Wenn in SM-Foren gelegentlich extreme Fantasien und Wünsche diskutiert werden, wird immer auch die Toleranz-Keule heftig geschwungen: „Your Kink is not my kink, but your kink is ok“. Für mich ist vieles NICHT ok, nämlich immer dann nicht, wenn jemand sich selbst oder andere mit seinem Verhalten schädigen würde. Dabei nehme ich mir heraus, mit dem gesunden Menschenverstand selbst zu beurteilen, was ein Schaden ist – und unterwerfe mich NICHT irgendwelchen „Normen der Szene“. Ob etwas nur eine Wichsfantasie ist oder ein Plan, der kurz vor der Verwirklichung steht, lässt sich oft gar nicht unterscheiden. Also lieber einmal mehr als „intolerant“ auffallen als alles unwidersprochen stehen lassen – als wäre es zum Beispiel die selbstverständlichste Sache der Welt, sich den Schwanz abschneiden lassen zu wollen!

6 Kommentare

  1. Letztlich wurde dem meines Wissens nach krankem Täter juristisch zum Verhängnis, dass er Videoaufzeichnungen der Vorgänge gemacht hatte, was ihm als sexuelles Motiv ausgelegt worden ist, nämlich die Tat jederzeit reproduzieren zu können, um seinem Geschlechtstrieb zu befriedigen.

    Damit war das Schwurgericht beim Mordmerkmal „zur Befriedigung des Geschlechtstriebs“ angelangt und konnte ihn zu lebenslanger Haft verurteilen, nachdem Gutachter ihm keine Einschränkung seiner Steuerungsfähigkeit zugebilligt haben.

    Das mag juristisch akzeptabel sein, im Ergebnis halte ich es dennoch für falsch, da der Täter trotzdem schwerst erkrankt ist, wie der Sexualwissenschaftler Klaus M. Meier festgestellt hat und im Strafvollzug keiner Behandlung zugeführt wird.

    Das Gesetz lässt allerdings keinen Raum zur Einweisung in eine geschlossene Anstalt, auch nicht bei vorliegen schwerster seelischer Störungen, wenn die Steuerungsfähigkeit zur Tatzeit nicht eingeschränkt ist.

    Im übrigen, liebe Clu, bin ich ebenso überzeugt, dass die Grenzen zwischen „Kink“ und „Pathologischem“ fließend sind.

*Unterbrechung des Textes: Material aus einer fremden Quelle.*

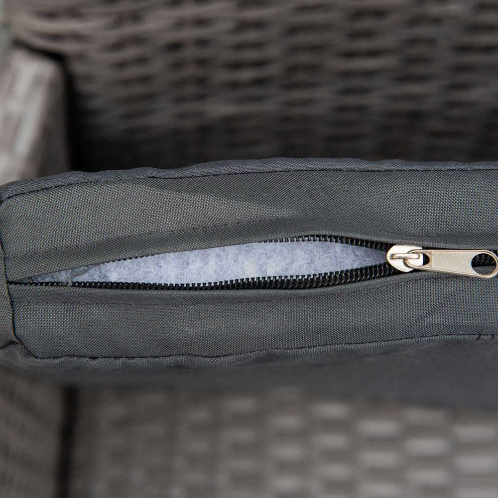 Transform your outdoors with the Outsunny Set of 4 Grey Rattan Garden Chair. These chairs are the perfect addition to any outdoor space, whether you use them alone or match them with other furniture. The chairs boast a galvanised metal frame, providing a sturdy and supportive structure, which is wrapped in plastic rattan for unbeatable durability and style. The chairs come with tall backs and armrests, ensuring maximum comfort and support. Each chair is equipped with a cushion to provide you with the ultimate relaxation experience. This stylish four-piece set is perfect for starting the season the right way. The metal frames and rattan outers provide a garden-ready look and make for a great addition to gardens, patio areas, small house fronts, and other outdoor areas. The chair cushions are zip-fastened, allowing for easy removal and washing. Use these chairs remotely or pair them with other small balcony furniture to relax outdoors with the company. Don't hesitate to get your hands on this incredible four-piece set today. Protect your garden furniture with our durable and waterproof covers. Explore our wide range of heavy-duty Garden Furniture covers to find the perfect fit for your needs.

    Ich sehe eine weitaus größere Gefahr aber in vielen destruktiven Beziehen, deren Gefahr nicht in sadomasochistischen Praktiken an sich zu suchen ist, sondern in der Unterordnung in einem „natürlichen Machtgefälle“ bis hin zur Selbstaufgabe.

    Meiner Erfahrung nach liegt der „Kink“ gar nicht mal so im körperlichen Bereich, sondern im seelischen, nämlich der Machtausübung.

  2. Hi Montag,

    danke für deinen schönen Kommentar! Dass der Mann keine Behandlung bekommt, finde ich auch total falsch.
    Was den Kink rund um „Macht“ angeht: ja, da kommen manche auf Abwege, aus meiner Sicht vor allem deshalb, weil sie es GEISTIG irgendwie nicht hinbekommen, bzw. nicht hinbekommen WOLLEN, die Ebenen des Kopfkinos/Kinks in der wirklichen Welt zu relativieren. Wenns dann nicht mehr stimmt, wechseln viele einfach den Dom (was für mich die gesündere, wenn auch nicht glückliche Variante darstellt) oder – bedingt durch von BDSM eher unabhängiger psychischer Schwäche/mangelndem Selbstbewusstsein – die Beziehung wird destruktiv.

    Die Art, wie viele, die es eigentlich besser wissen, in Foren aus ihrem Kopfkino (!) heraus Reden schwingen, trägt dabei zur Verwirrung und zum Mangel an Orientierung bei. Deshalb auch dieses Blog.

  3. Das dem Täter eine massive psychische Störung und die Steuer- und Handlungsfähigkeit attestiert wird finde ich bemerkenswert ehrlich. Nur weil einer massive psychische Probleme hat, ist er nicht automatisch nicht verantwortlich für das was er tut, solange er bei Tatausführung steuerungsfähig gewesen ist.

    Daher halte ich eine strafrechtliche Verurteilung soweit für gerechtfertigt.

    Warum ihm jedoch eine therapeutische Hilfe nicht zugebilligt wird erschließt sich mir nicht, zu dem er selber von der Notwendigkeit einer Therapie überzeugt ist. Es wird demnächst eine höchstrichterliche Entscheidung zu diesem Fall geben.

    Die fließenden Übergänge und mögliche Gefahren finde ich gut und sachlich in diesem Blogartikel dargestellt.

    „Ob etwas nur eine Wichsfantasie ist oder ein Plan, der kurz vor der Verwirklichung steht, lässt sich oft gar nicht unterscheiden. Also lieber einmal mehr als “intolerant” auffallen als alles unwidersprochen stehen lassen“ Diese zwei Sätze nehm ich mir mit!